[Date Prev][Date Next]
[Chronological]
[Thread]
[Top]
Re: SASL authentication with open ldap
Tony Earnshaw wrote:
> JOYDEEP wrote, on 13. mar 2007 09:13:
>
> [...]
>
>> 1> I have executed "saslpasswd2 admin" to create the user admin in the
>> sasldb2
>>
>> 2> "sasldblistusers2" shows as below
>>
>> admin@linux.kolkatainfoservices.in: userPassword
>>
>> 3> now the command *ldapsearch -H ldaps://* when asks the password I
>> gave the admin password stored in sasldb2.
>> and now it is working.
>
> [...]
>
>> 5> BUT when I added entry for Manager ( as per root dn) and provide the
>> password of manager it is not working.

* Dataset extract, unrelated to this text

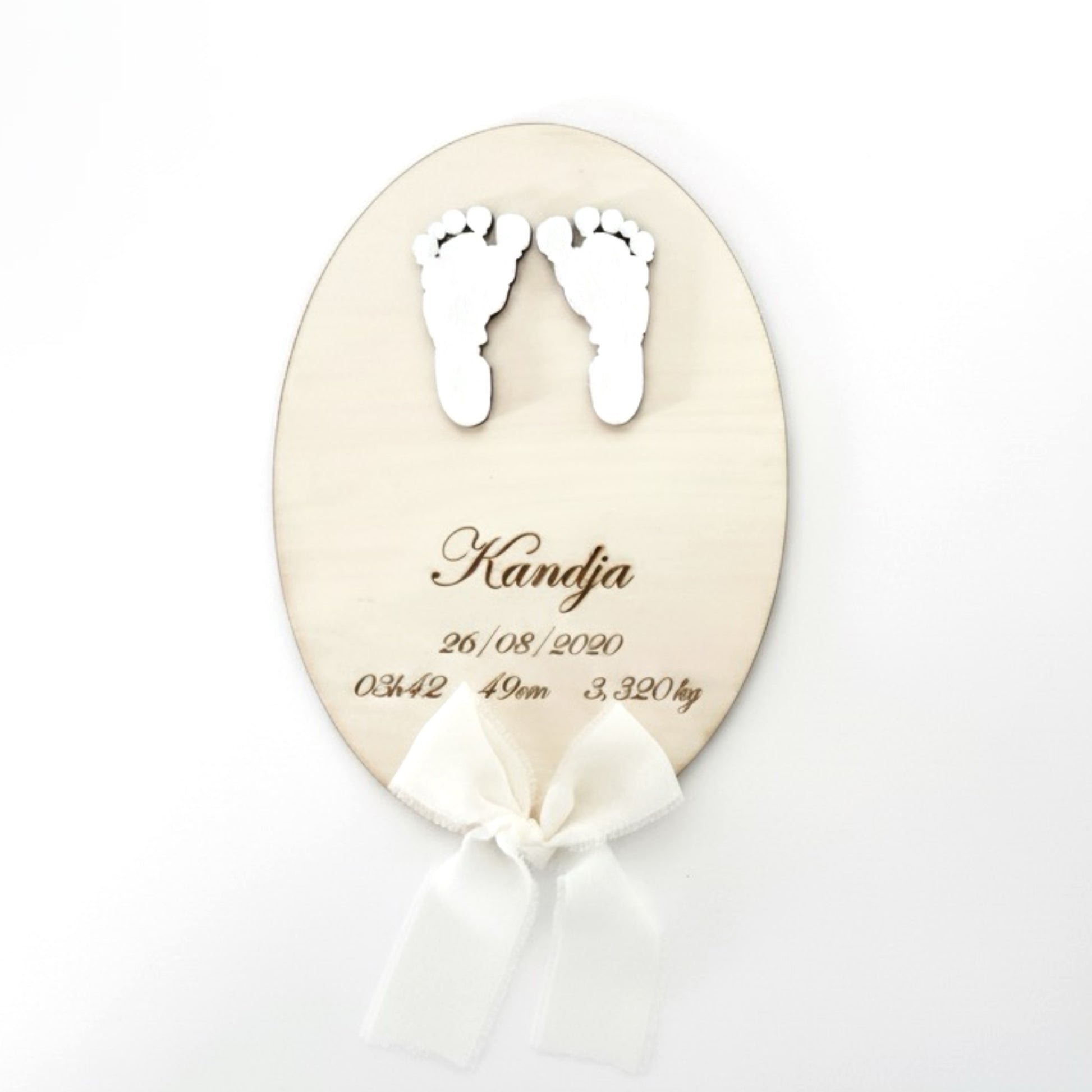 Profitez d'un souvenir unique avec la Plaque naissance avec empreinte en bois "Gravure". Sa forme ovale et ses empreintes de pied en bois apportent une touche d'originalité. Les empreintes seront toutes identiques, offrant ainsi une finition parfaite. Un cadeau de naissance précieux pour chérir des moments inoubliables.

>> even it is not working for any other uesrs which I have added in
>> sasldb2.
>>
>>
>> How can I fix the problem ?
>>
>> PS: here is my ldif as attachment
>
> I don't see any entry for admin in the ldif. 4 things are important:
>
> 1: There has to be a section for SASL mapping rules in
> slapd.conf/cn=config hierarchy as detailed in the admin guide 11.2.6.
> Something like:
>
> sasl-regexp uid=(.*),cn=digest-md5,cn=auth
> "ldap:///dc=example,dc=com??sub?uid=$1"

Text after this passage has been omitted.